This patch doesn't actually change anything I've described by default
- but it makes it *possible* to get good/consistent performance with
-uall (with fscache, with fsmonitor, with untracked cache), *if* you
configure status.showuntrackedfiles=all.

Now, coming back to the paragraph in question; maybe, instead of
trying to summarize this windows-fscache-fsmonitor-untrackedcache
interaction, I should be a little more vague. Would this work?

--
When 'git status' runs without using the untracked cache, on a large
repo, on windows, with fsmonitor, it can run very slowly. This can
make GUIs that need to use "-uall" (and therefore currently bypass
untracked cache) unusable when fsmonitor is enabled, on such large
repos.
--


> Let me follow what actually happens in the patch aloud.
>
[...]
> This _guesses_ the user preference from the configuration.
>

Yes - the proposal, in this patch, is that the untracked cache
usability/compatibility be aligned with the configuration.

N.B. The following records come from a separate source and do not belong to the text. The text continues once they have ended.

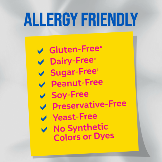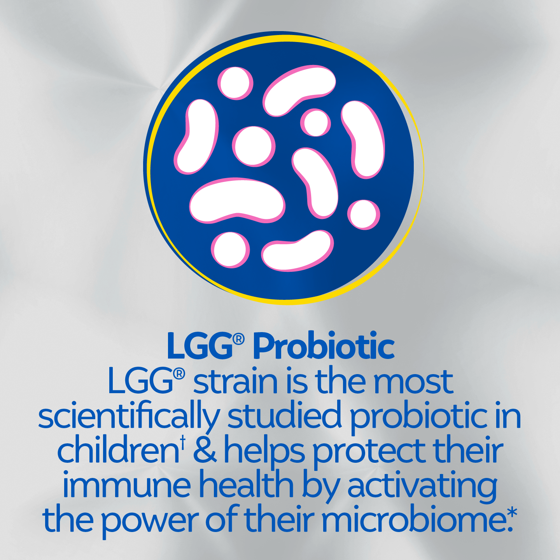 - *THESE STATEMENTS HAVE NOT BEEN EVALUATED BY THE FOOD AND DRUG ADMINISTRATION. THIS PRODUCT IS NOT INTENDED TO DIAGNOSE, TREAT, CURE OR PREVENT ANY DISEASE. ± Based on a 2023-24 survey among pediatricians recommending a kids/baby probiotic brand. ‡ Contains sucrose which adds a dietarily insignificant amount of sugar. Not a reduced calorie food. ▲ While this product contains an ingredient sourced from wheat, it meets the FDA’s definition of gluten free (less than 20 ppm gluten). ^ While there are no dairy-derived ingredients in the product, it is produced in a facility that also handles dairy ingredients. Culturelle is a trademark of dsm-firmenich group.
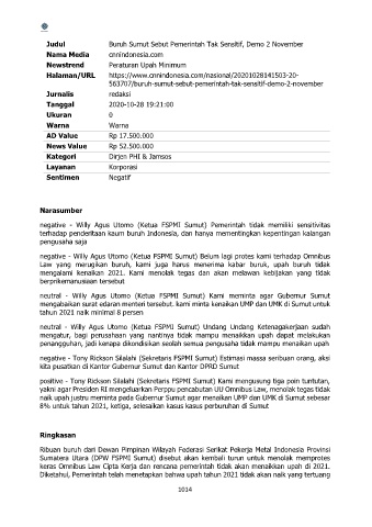 negative - Willy Agus Utomo (Ketua FSPMI Sumut) Pemerintah tidak memiliki sensitivitas
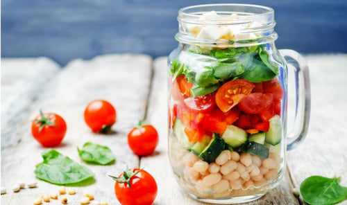 - Do słoika wkładamy kolejno fasolę białą drobną, ogórek, paprykę, pomidor, a na wierzch układamy umyty szpinak, na który kładziemy pokrojoną fetę. Słoik zakręcamy.

We are
adding an extra meaning to the "status.showuntrackedfiles"
configuration, such that it not only indicates what you want to have
happen when you don't specify "-u" to git status, but it *also*
indicates what kind of status output the untracked cache should be
targeting/supporting.

> > +static void new_untracked_cache(struct index_state *istate, int flags)
> >  {
> >       struct untracked_cache *uc = xcalloc(1, sizeof(*uc));
> >       strbuf_init(&uc->ident, 100);
> >       uc->exclude_per_dir = ".gitignore";
> > -     /* should be the same flags used by git-status */
> > -     uc->dir_flags = DIR_SHOW_OTHER_DIRECTORIES | DIR_HIDE_EMPTY_DIRECTORIES;
> > +     uc->dir_flags = flags >= 0 ? flags : new_untracked_cache_flags(istate);
>
> We use unsigned for the flag word unless there is a reason not to,
> but this function wants to use top-bit as a signal to "guess from
> config".  The caller either dictates what bits to set, or we guess.
>
> And the created uc records the flags.
>

Yep - although the word "guess" may be slightly misleading here. The
proposed semantics are such that if the existing untracked cache flags
are inconsistent with the config, we *discard* the
no-longer-consistent-with-config untracked cache; so it's not so much
a guess as a mandate.

> > @@ -2762,11 +2782,11 @@ static void new_untracked_cache(struct index_state *istate)
> >  void add_untracked_cache(struct index_state *istate)
> >  {
> >       if (!istate->untracked) {
> > -             new_untracked_cache(istate);
> > +             new_untracked_cache(istate, -1);
>
> We are newly creating, so "-1" (guess from config) may be the most
> appropriate (unless the caller of add_untracked_cache() already
> knows what operation it is using for, that is).
>
> >       } else {
> >               if (!ident_in_untracked(istate->untracked)) {
>
> Found an existing one but need to recreate.
>
> >                       free_untracked_cache(istate->untracked);
> > -                     new_untracked_cache(istate);
> > +                     new_untracked_cache(istate, -1);
>
> In this case, is it likely to give us a better guess to read the
> configuration, or copy from the existing untracked file?  My gut
> feeling says it would be the latter, and if that is correct, then
> we might want
>
> +                       int old_flags = istate->untracked->dir_flags;
>                         free_untracked_cache(istate->untracked);
> -                       new_untracked_cache(istate);
> +                       new_untracked_cache(istate, old_flags);
>
> instead?  I dunno.
>

As I noted above, we later consider that an untracked cache with flags
that are inconsistent with the current config is an invalid untracked
cache, and discard it; so setting the flags based on config is the
right thing (the only useful thing) to do.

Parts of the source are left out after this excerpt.